Starting at the first line of the material below and stopping after the line that includes "Μετρήσεις ταχύτητας δίσκων", write the lines out again exactly. Drop any pictures.

### EXCERPTED RECORDS
====
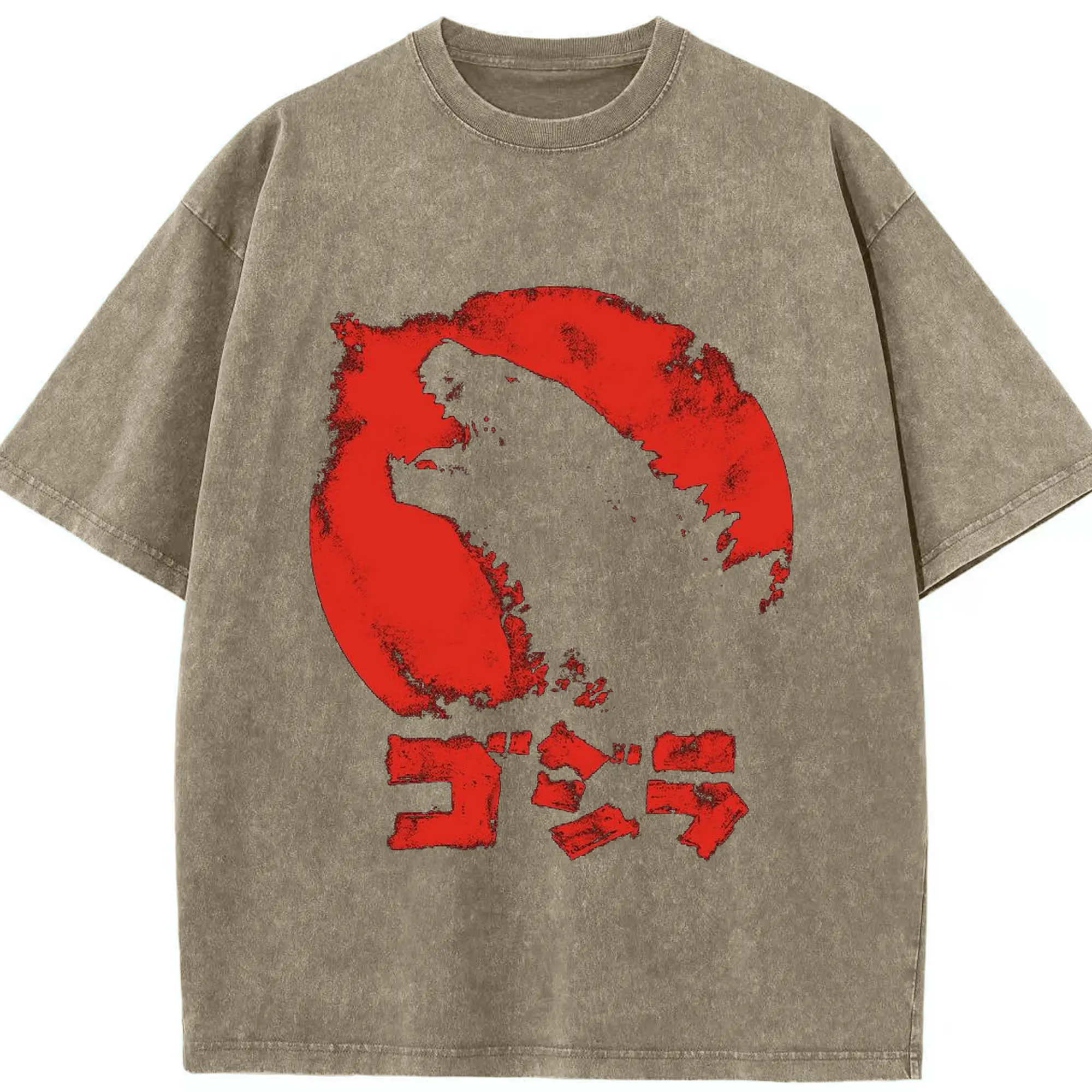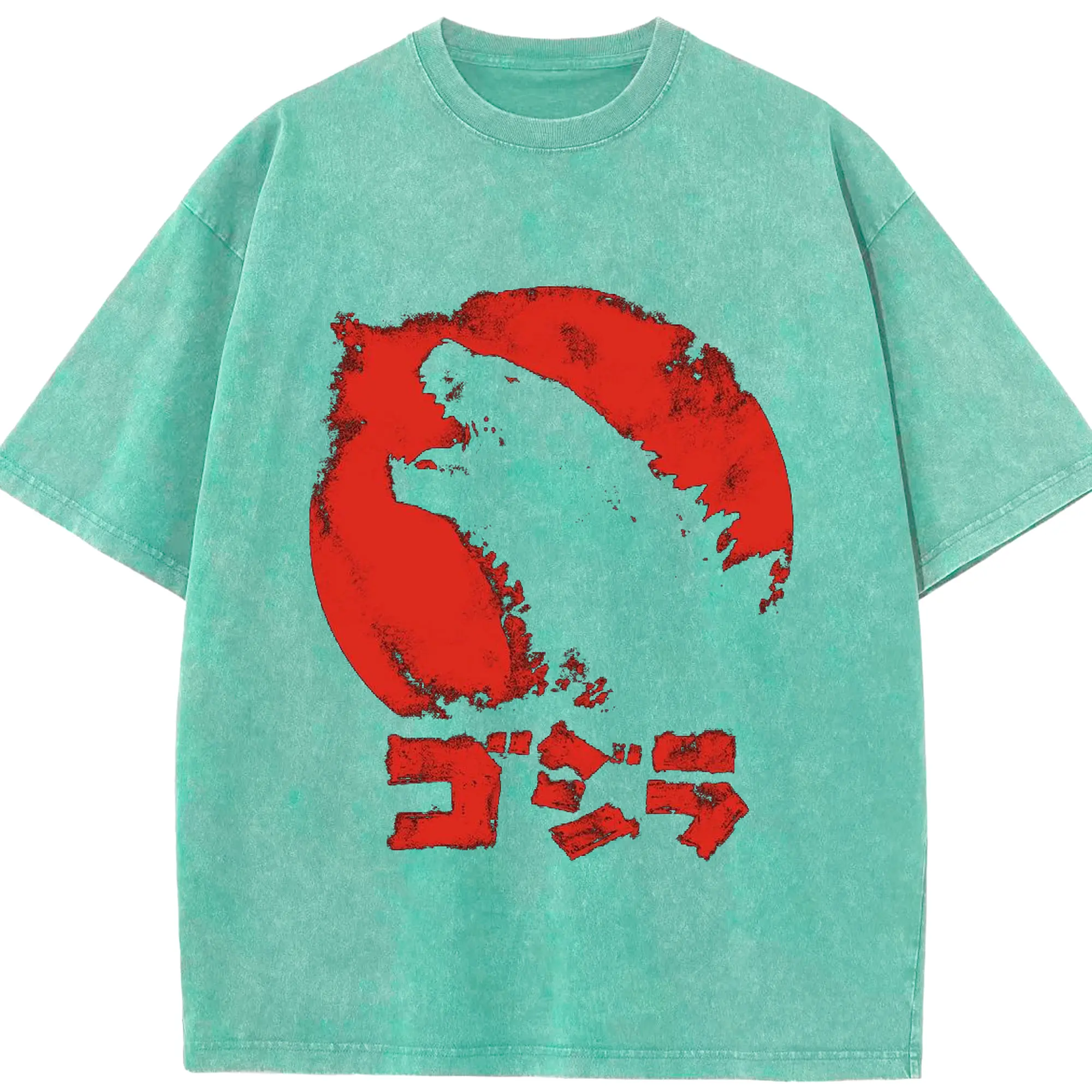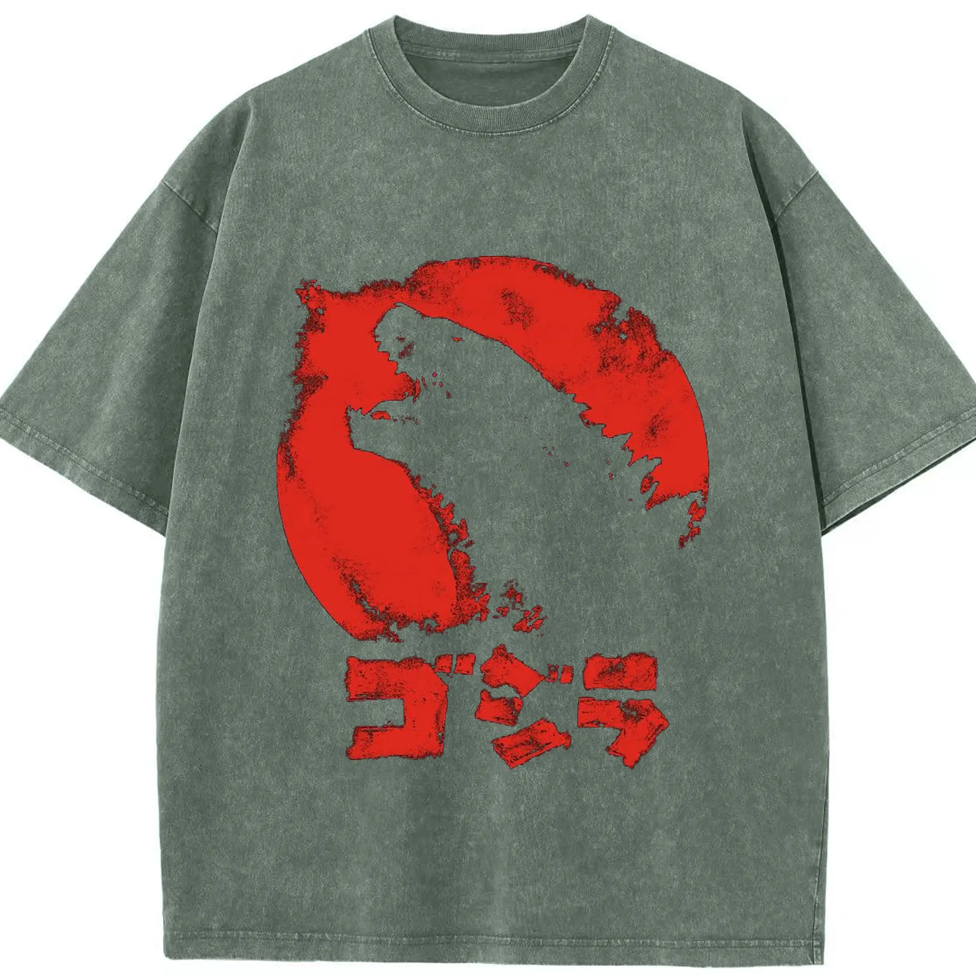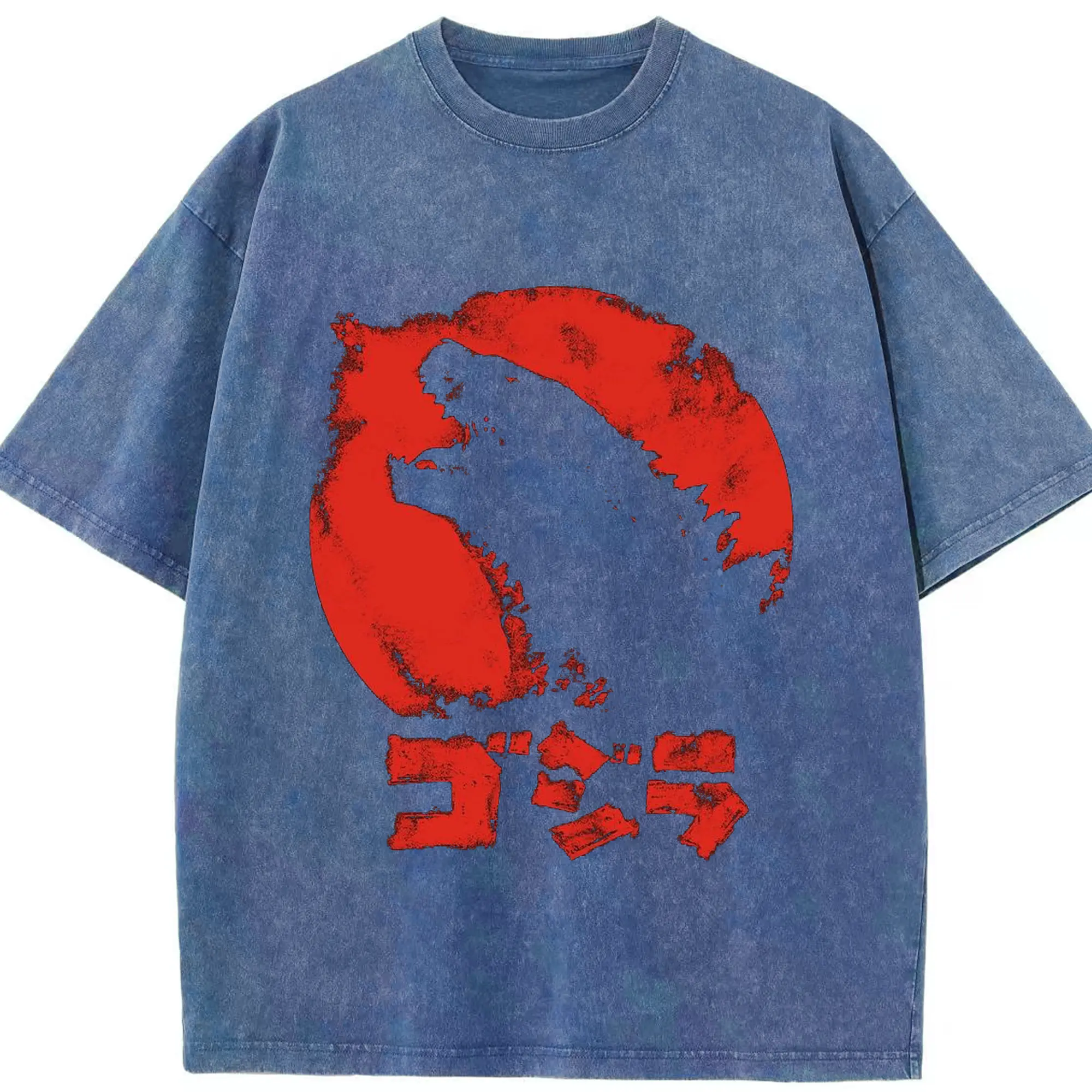 ゴジラ キングオブモンスターズロゴ - 綿100% ヴィンテージ風 半袖Tシャツ ・ フロントプリント ・ 柔らか肌触り ・ 通気性 快適 ・ スポーツ カジュアル 外出用
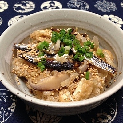 イワシの丸干しで炊き込みご飯
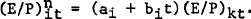 is found by subtracting dividends from normalized earnings computed by (ai + ait)(E/)kt(P)it.
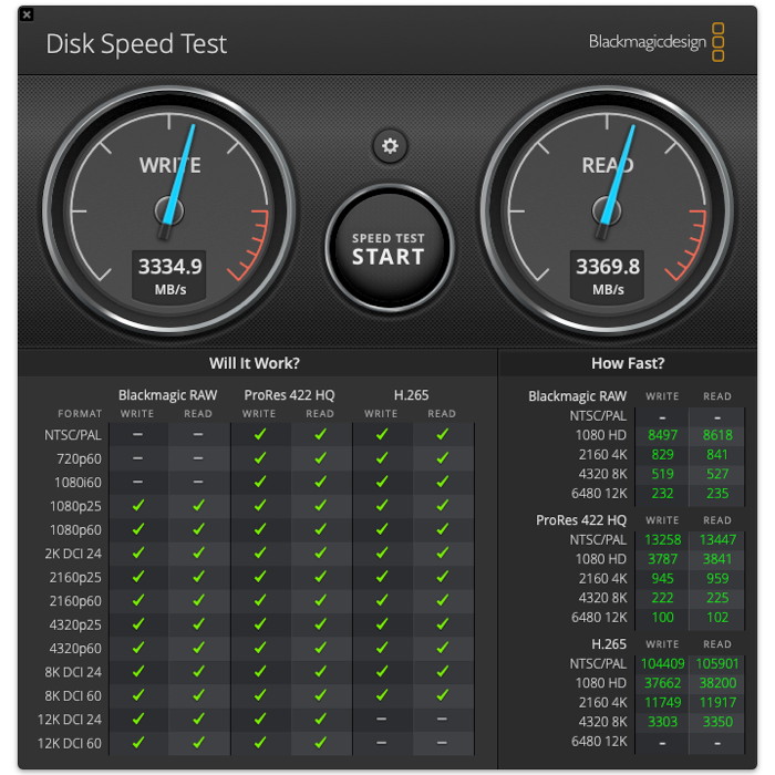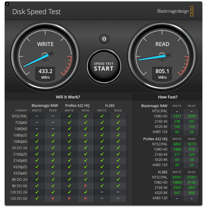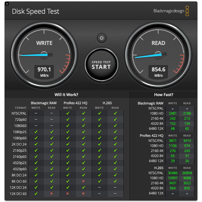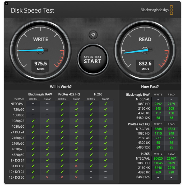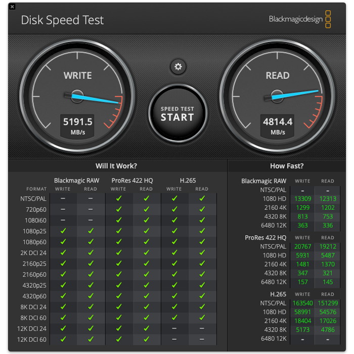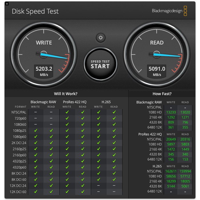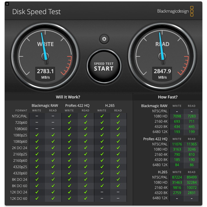 Μετρήσεις ταχύτητας δίσκων SSD με το Blackmagic Disk Speed Test.
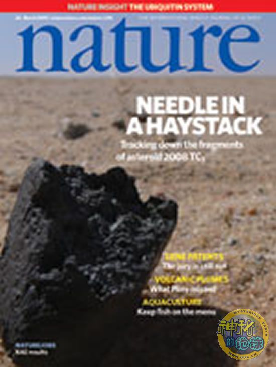 2008年10月6日,一个向地球方向飞来的名为“2008 TC3”的小行星被卡特里那巡天系统发现。在经过大约19小时、人们对其作了很多天文观测之后,它进入了地球大气层,并在37公里高度处解体。人们当时并未料到会有肉眼可见的较大碎片掉到地面,但沿着位于苏丹北部一个沙漠中的陨石触地轨迹所做的一项专门的搜索工作发现了47块陨石,它们是被命名为“Almahata Sitta”的一整块陨石裂成的碎片,总重量为3.95千克。该小行星及陨石的反射光谱表明,该陨石是来自一个F级小行星的表面物质,这类物质非常脆弱,以前没有出现在人们所收集的陨石中。收集到来自一个已知类别的小行星的陨石,是一个可与一次成功的飞船取样任务相媲美的成果,而且前者还不用发射火箭。本期封面所示为来自小行星“2008 TC3”的一个碎片,是被喀土穆大学的学生在其第三次搜索过程中于2008年3月1日发现时的现场情景。
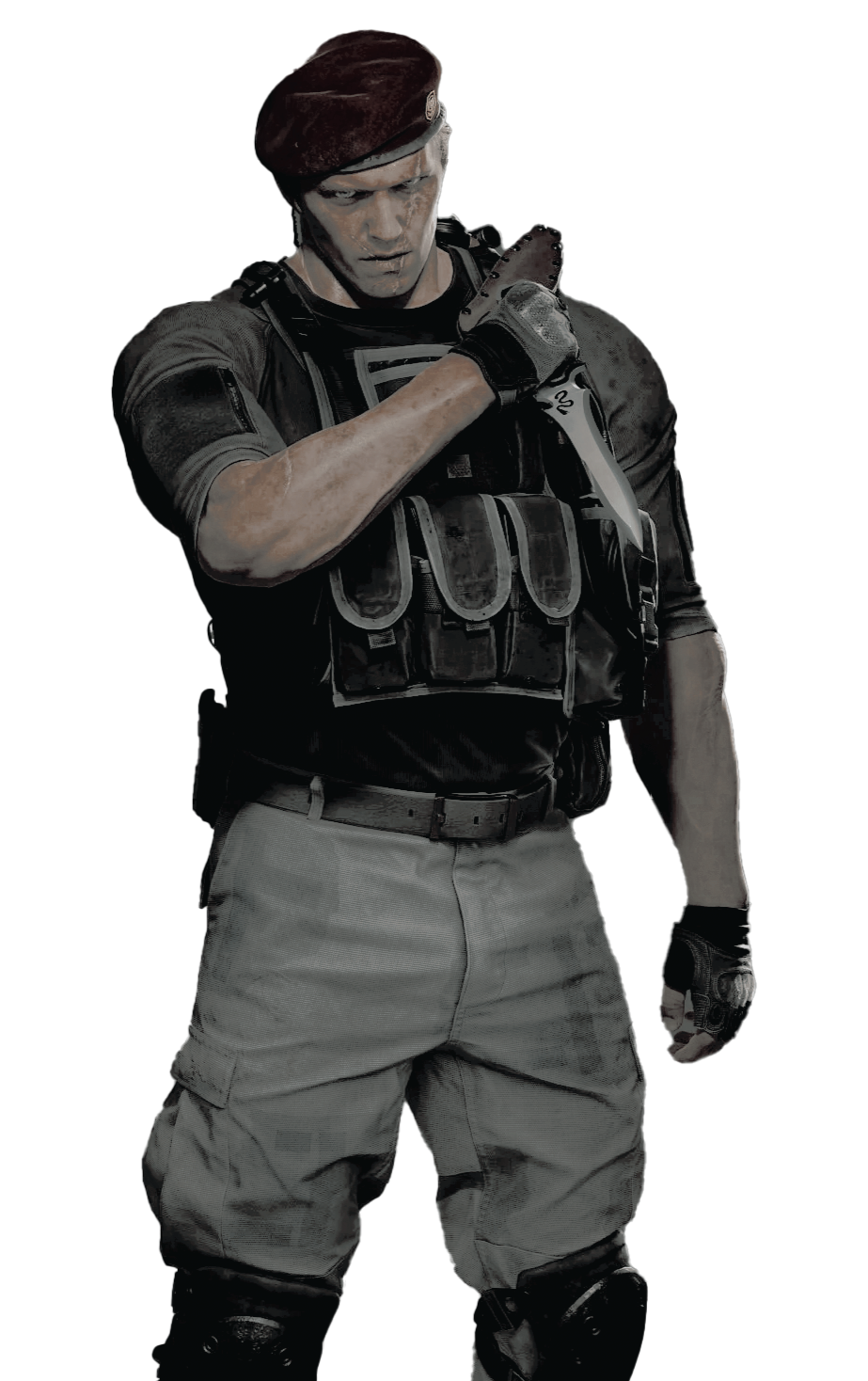 my canon takes from both original re4 & remakea successful soldier, krauser thrived in battle - discontent & bemused enough by 'ordinary life' as to work as a mercenary in his downtime. he was the sort who could never switch off from the thrill of a fight.mixing both the original & remake's canon - krauser worked as both a mentor and comrade to leon s kennedy, assisting the young agent in honing in skills whilst also partnering alongside him for operation javier.during the operation, many of krauser's men perished & he himself sustained a career ending arm injury. their resulting efforts were swept under the rug by the american government & krauser, weakened & no long able to fight - became resentful & obsessed with power.having seen what a virus could do & the power it could give a man - krauser began to keep himself ready & 'in-the-know' for any opportunities that could arise & bring power his way. it was with this mindset, he came across albert wesker.
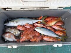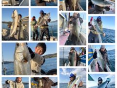 ジギング船の釣果 ケンカブリ・ワラサ・マダイ・シーバス・ガシラ
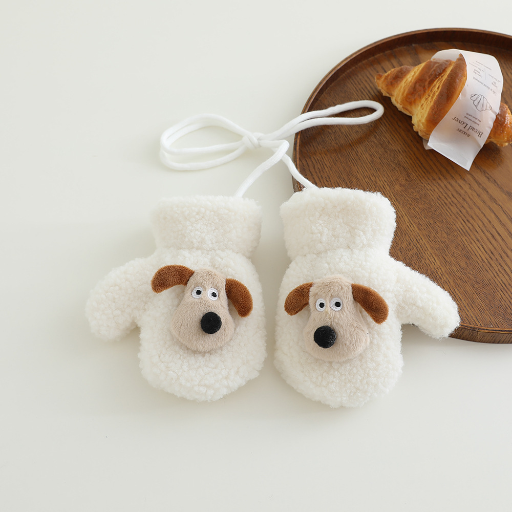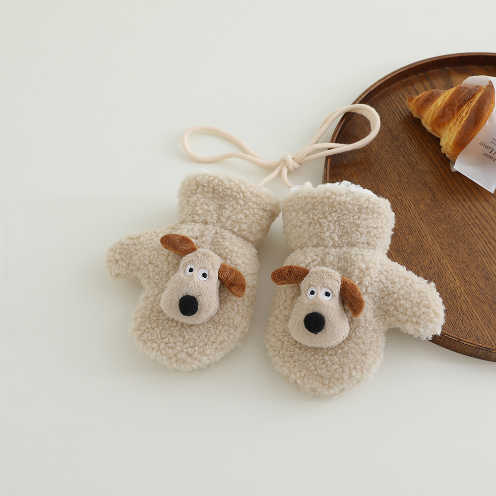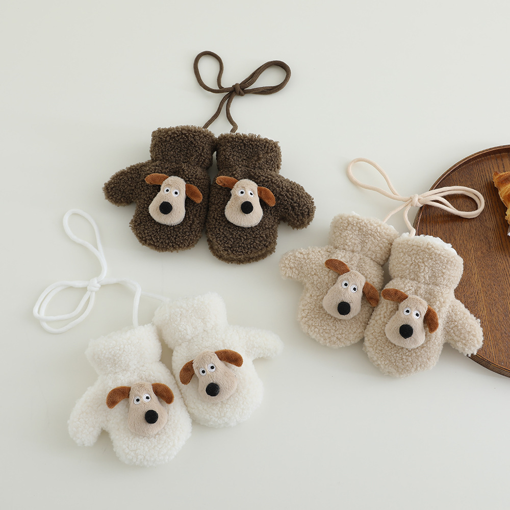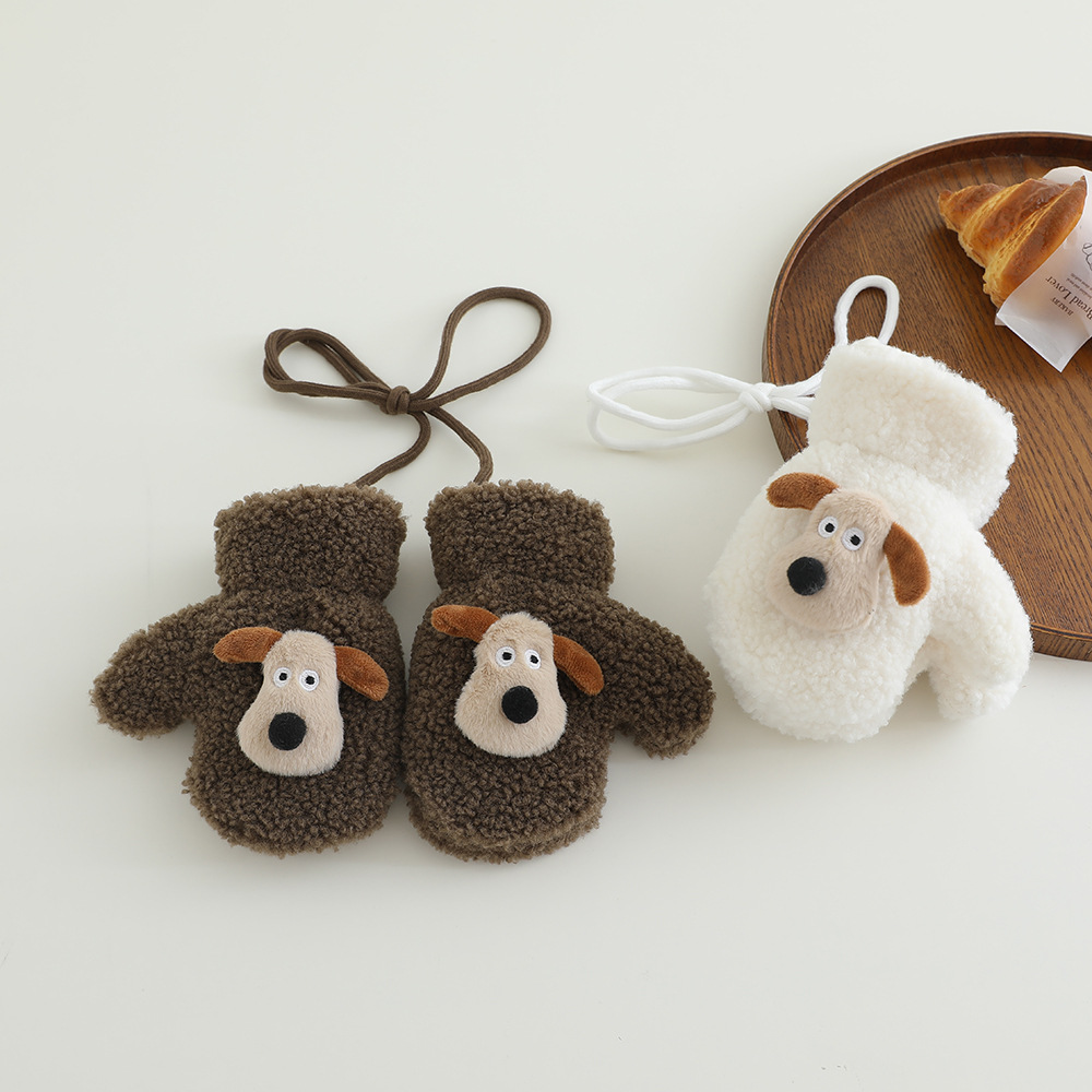 아기 장갑 겨울 따뜻한 봉제 두꺼운 한국 스타일 만화 강아지 아기 가방 손가락 승마 2024 새로운스토어 가기
====
### WRITTEN SOLUTION
 ゴジラ キングオブモンスターズロゴ - 綿100% ヴィンテージ風 半袖Tシャツ ・ フロントプリント ・ 柔らか肌触り ・ 通気性 快適 ・ スポーツ カジュアル 外出用
 イワシの丸干しで炊き込みご飯
 is found by subtracting dividends from normalized earnings computed by (ai + ait)(E/)kt(P)it.
 Μετρήσεις ταχύτητας δίσκων SSD με το Blackmagic Disk Speed Test.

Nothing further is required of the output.